The spin-only magnetic moment value for the complex [Co(CN)$$_6$$]$$^{4-}$$ is ___ BM. (nearest integer value)
[At. no. of Co = 27]

For the complex $$[\text{Co(CN)}_6]^{4-}$$, we need to determine the oxidation state of cobalt. CN⁻ has a charge of −1, so with 6 CN⁻ ligands the total ligand charge is −6. The overall complex charge is −4:

$$x + (-6) = -4 \implies x = +2$$

So cobalt is in the +2 oxidation state (Co²⁺). The electronic configuration of Co is [Ar] 3d⁷ 4s², and Co²⁺ has the configuration [Ar] 3d⁷ (7 d-electrons).

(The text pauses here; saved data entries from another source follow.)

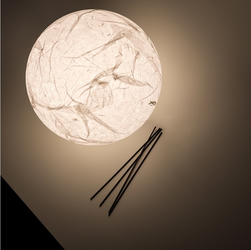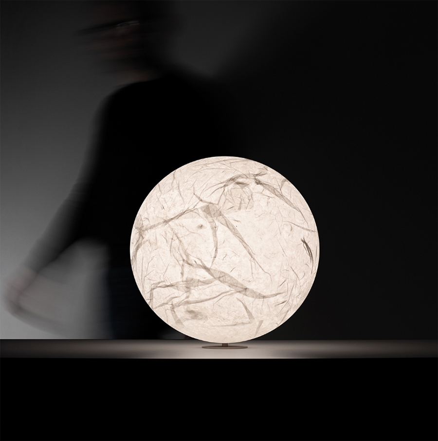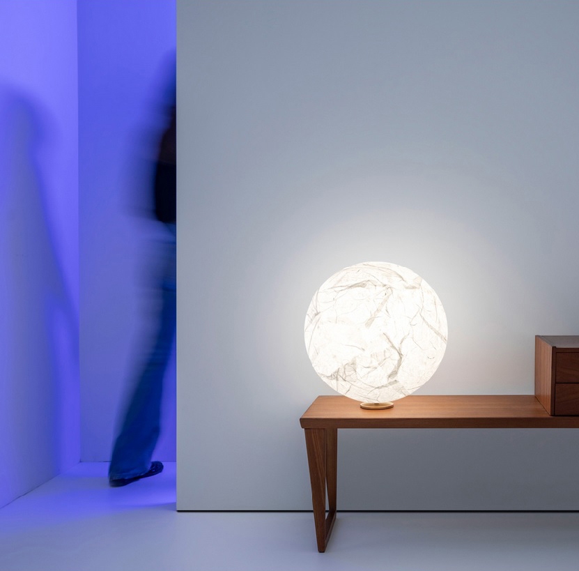 Настольная лампа Moon T Davide GroppiMoon T, разработанная и произведенная Давиде Гроппи, представляет собой сферическую настольную лампу с металлическим основанием, окрашенным в золотой цвет. Рассеиватель имеет текстуру японской бумаги и экранирует источник света с помощью светодиодного патрона E27 с диммерной системой на кабеле питания.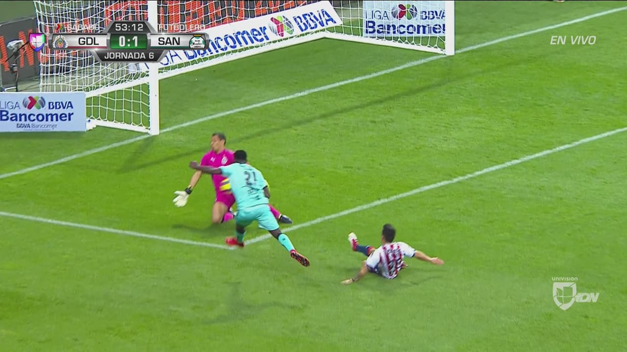 Djaniny se enfiló al área completamente solo, pero Rodolfo Cota apareció para atajar la pelota y robarle el segundo gol a Santos.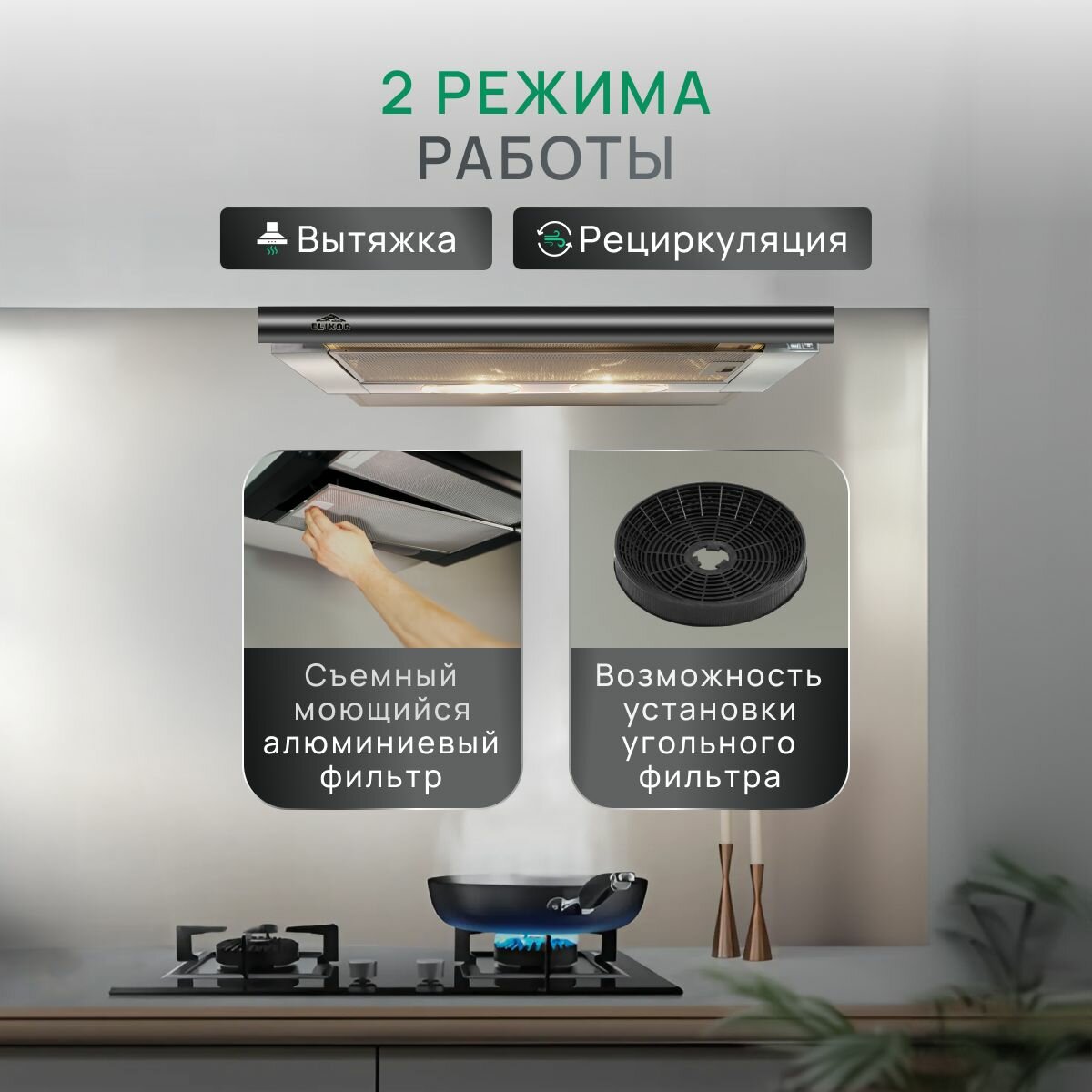 Вытяжка кухонная 50 см ELIKOR встраиваемая, врезной блок, производительность - 400 м3/ч, управление ползунковое, 3 скорости, светодиодные лампы, черный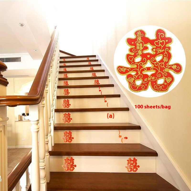 Wedding Happy Words Wedding Supplies Self-adhesive Happy Word Stickers Stairs Wedding Room Layout Wedding Decoration Xiaoxizi Stickers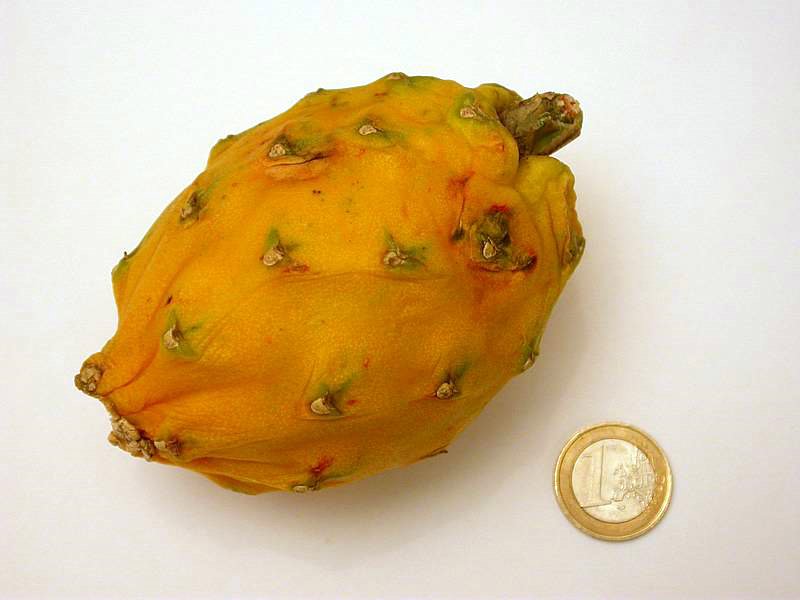 画像出典:(左)Selenicereus megalanthusの株。東京薬科大学薬用植物園温室にて筆者撮影。(右)https://commons.wikimedia.org/wiki/File:Selenicereus_megalanthus.JPG 著作者: Abrahami(Public Domain) Selenicereus megalanthusの果実。ヒロセレウス属の果実より味は劣ると評されるものの、果樹として栽培される。 果物としての利用以外にも、性質が強靭であるため、ほかのサボテン類の苗の接ぎ木用の台木として用いられる(もともとは台木用にもたらされた品種であった。果実が食用として知られるようになったのは偶然の産物の結果である。)。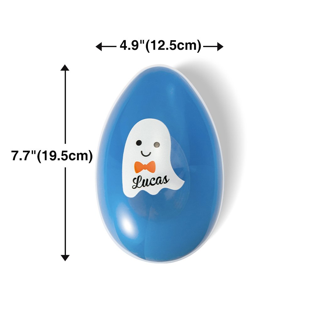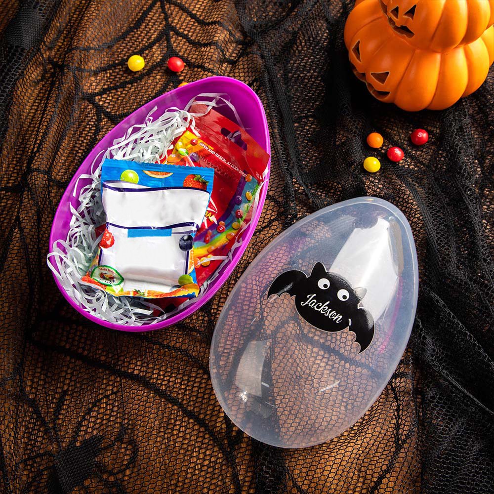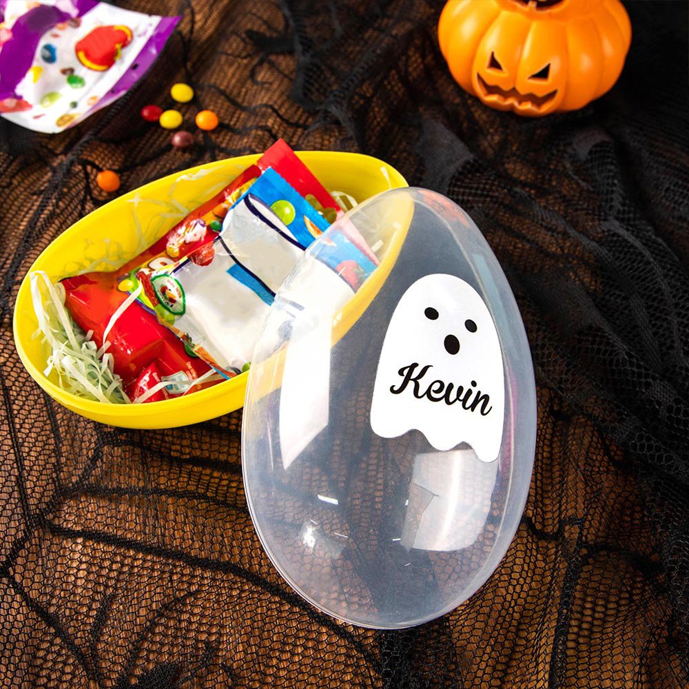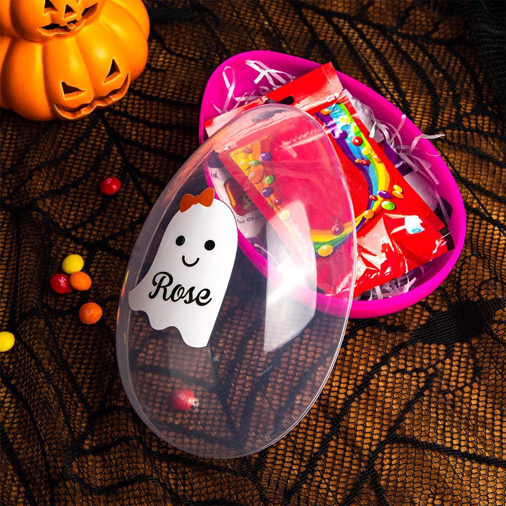 Each plastic egg has a brightly colored bottom half and a clear top half, you can see the contents even when closed. The clear half is printed with adorable ghost or bat designs, making it a visually appealing Halloween accessory. Moreover, you can personalize the kid's name, adding an extra special touch to the gift.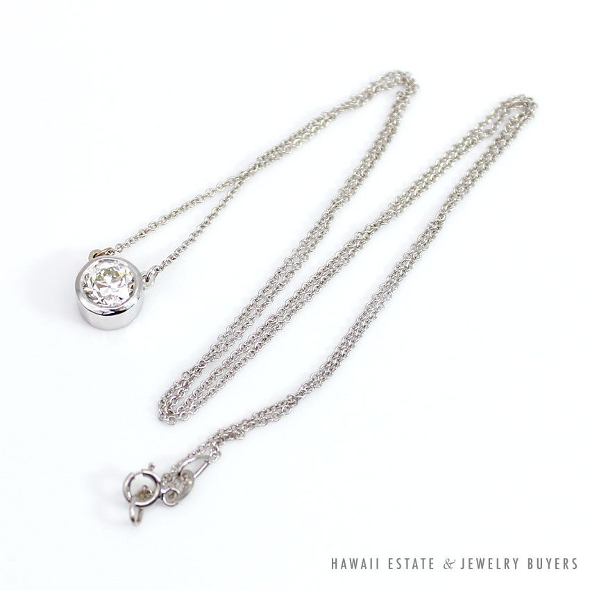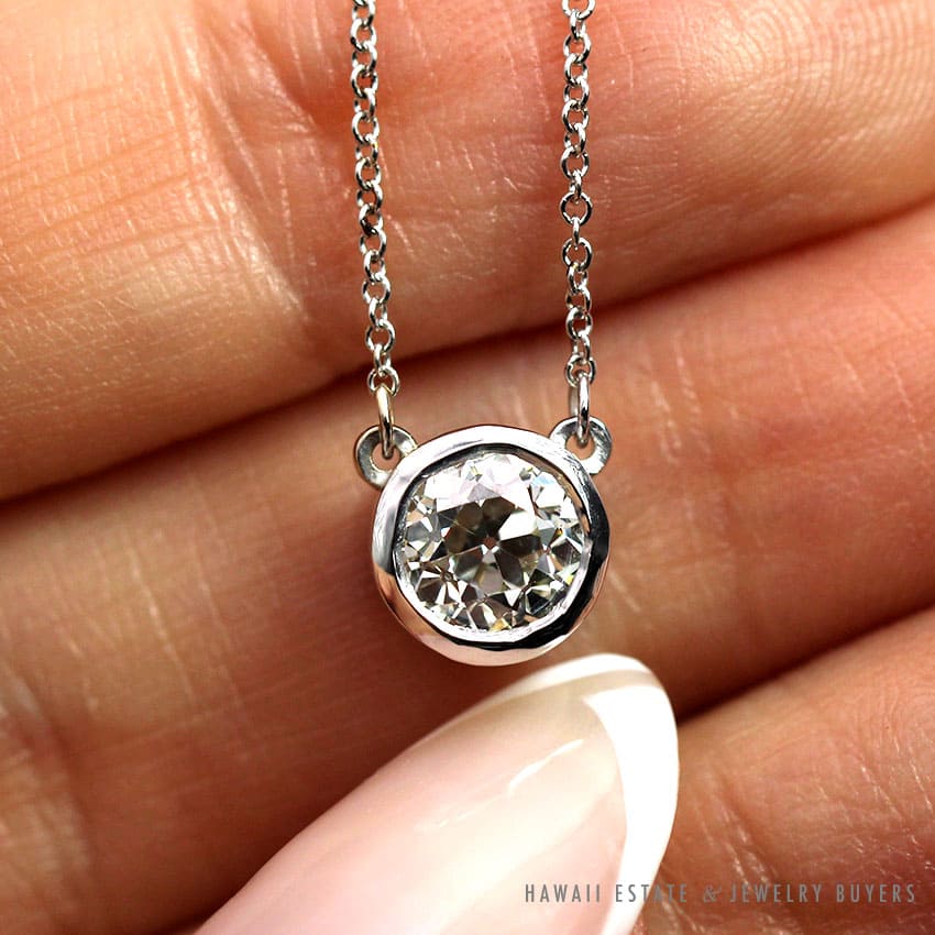 Description1.01CT OLD EURO CUT ROUND DIAMOND I COLOR & VS1 CLARITYNECKLACE CHAIN STAMPED “14K ITALY”PENDANT & NECKLACE MEASURES APPROX 10 INCHES CLASPED ** CONDITION: NEW WITHOUT TAGS **$4,900.001 in stock1.01CT I VS1 OLD EURO CUT DIAMOND BEZEL SET 14K WHITE GOLD NECKLACE 20" quantityAdd to cartBuy withMake OfferSKU: 2495-01Category: Diamond JewelryRelated Styles12.6g 14KWG 10ct ICE JADE 1.80ctw DIAMONDS RING/PENDANT SIZE 5.5$9,500.001.9g 14KWG 0.40ctw DIAMOND FITTED BAND SIZE 4.5$950.009.9g PLATINUM 2.17ct CEYLON SAPPHIRE 0.48ctw DIAMOND RING SIZE 5.75$6,000.00GIA 24.5g 18KYG/PLATINUM SAPPHIRE AND DIAMOND RING SIZE 7$11,000.00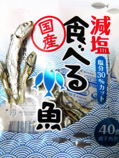 ・写真1の「食べる小魚」とは、出汁用のジャコではなくて、このままオヤツやオツマミで食べても美味しいですよ、という意味。入っている小魚はカタクチイワシ。私はもっぱら焼酎のツマミで食べているが、昨日、袋の底の方で見つけたのが、左に並べた真ん中のデカいの。大きさ比較で普通サイズのを並べてみたが、倍ぐらい(重さだったら3倍ぐらい?)ある。これは今夜のツマミで頂戴する予定。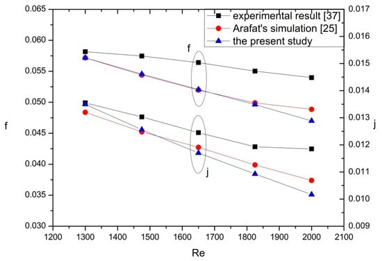 The present simulation results were validated by Wang’s experiment [35] and Arafat’s simulation [25], as shown in Figure 4, which revealed the comparison of numerical and experimental f factor and j factor for the plate fin-tube heat exchanger. The boundary conditions of Wang’s experiment and Arafat’s simulation were presented as the same as in this paper. The simulation was conducted by k-ε-enhance, and the k-ε-enhance had a good agreement with the experimental results of the f factor. Moreover, the resistance between fluid and solid was considered, and the thermal resistance value was set as . The procedure had been discussed in detail in the published article [36]. Some reasons accounted for the difference between the experiment and the simulation: the working fluid was in a single phase, and their properties remained constant and smooth surface conditions were adopted in the simulation. Additionally, the difference of the j factor and f factor between the Arafat’s simulation [25] and the present numerical results was less than 3.82% and 4.90%, respectively. The difference of the j factor and f factor between the experimental results and present simulation results by k-ε-enhance model was less than 7.6%. It can be observed that the present simulation had good agreement with Arafat’s simulation [25] and Wang’s experimental results [35].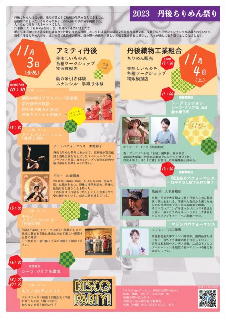 網野中学校ブラスバンド部演奏/京丹後市長挨拶/禊の会talk&movie/丹後ちりめん小唄躍り/アートパフォーマンス/キモノファッションショー/シーラ・クリフ氏 講演/キモノdeディスコ!(チケット制)/繭の糸引き体験・ステンシル・手織り体験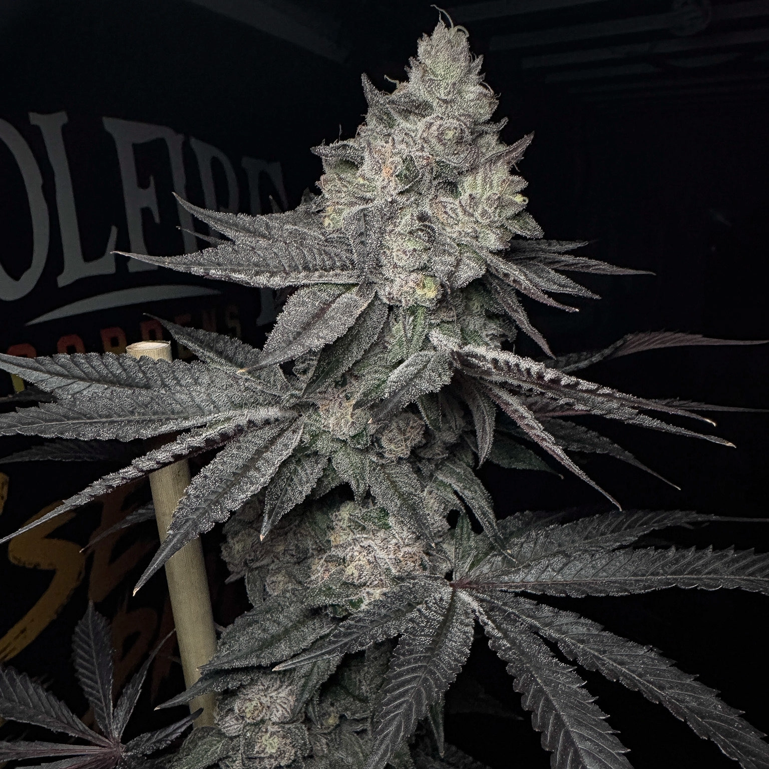 Rich, sour wine aroma with deep purple tones and heavy frost. Striking color and bold terps. A true showstopper in the garden.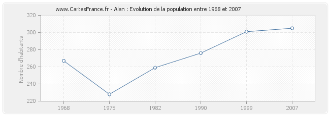 Cette courbe reprend l'historique de la population d'Alan de 1968 à 2007 en interpolation cubique. Ceci permet d'obtenir plus précisément la population de la commune d'Alan les années ou aucun recensement n'a été effectué.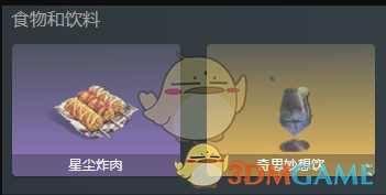 1、食物:推荐使用星尘炸肉,血月期间可使用轮盘饺子或惊喜春卷。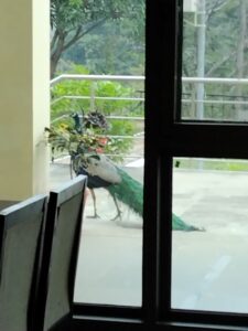 さて、ここIIITDMJはジャバルプル市街から10数キロ離れ、周りにはほとんどなにもないのですが、学園内には小さなキャンティーンが二つと大食堂がひとつあり病院や銀行もあって、午後からは定期バスも運行しています。ちょっとした買い物はアルコール以外ならほとんど学園内でできますが、電子機器やあまり日常的でないものは、バスで町まで買いに行きます。また、ここ来客用ホステルから校舎までは歩いて数分、有料ですが食事も毎度ここでできるので、生活上は不便はありません。授業のないときや朝などよく学園内を散歩してますが、多くの鳥たちや猿を見かけます。特に孔雀は多くて何度もカメラを向けました。食堂のガラス戸のところまで来ることもあります。ここでは生活が単調なので、いろんな動植物との出会いは日々の楽しみでもあります。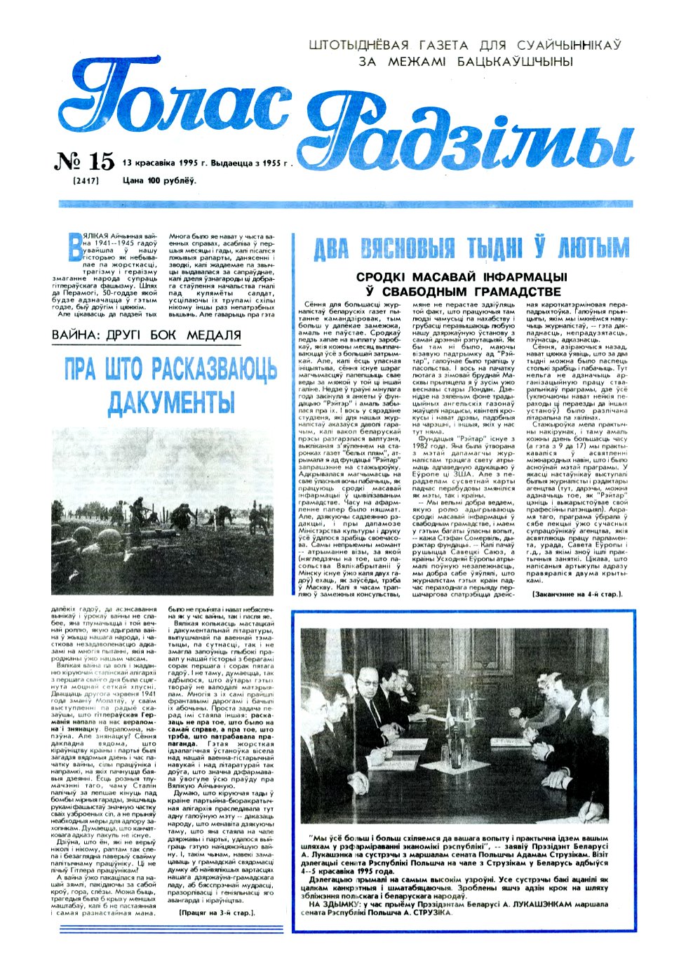 «Голас Радзімы» — штотыднёвая газета для суайчыннікаў за межамі Беларусі. Выдаецца з 6 красавіка 1955 года ў Мінску на беларускай мове штотыднёва. Да студзеня 1960 года называлася «За вяртанне на Радзіму». З сярэдзіны 1970-х гадоў асвятляла жыццё, у тым ліку беларускай эміграцыі. З сярэдзіны 1990-х гадоў адзінае беларускае выданне, якое распаўсюджвалася сярод нацыянальнай дыяспары і ў асяроддзі замежных беларусістаў. Болей »

CN⁻ is a very strong-field ligand. In an octahedral complex with strong-field ligands, the crystal field splitting $$\Delta_o$$ is large, causing maximum pairing of electrons (low-spin configuration). For a d⁷ ion in a low-spin octahedral field, the electron configuration is $$t_{2g}^6 \, e_g^1$$, giving 1 unpaired electron.

The spin-only magnetic moment is: $$\mu = \sqrt{n(n+2)} \text{ BM}$$ where $$n$$ is the number of unpaired electrons.

$$\mu = \sqrt{1(1+2)} = \sqrt{3} \approx 1.732 \text{ BM}$$

Rounding to the nearest integer, $$\mu \approx 2 \text{ BM}$$.

Therefore, the spin-only magnetic moment is $$\boxed{2}$$ BM.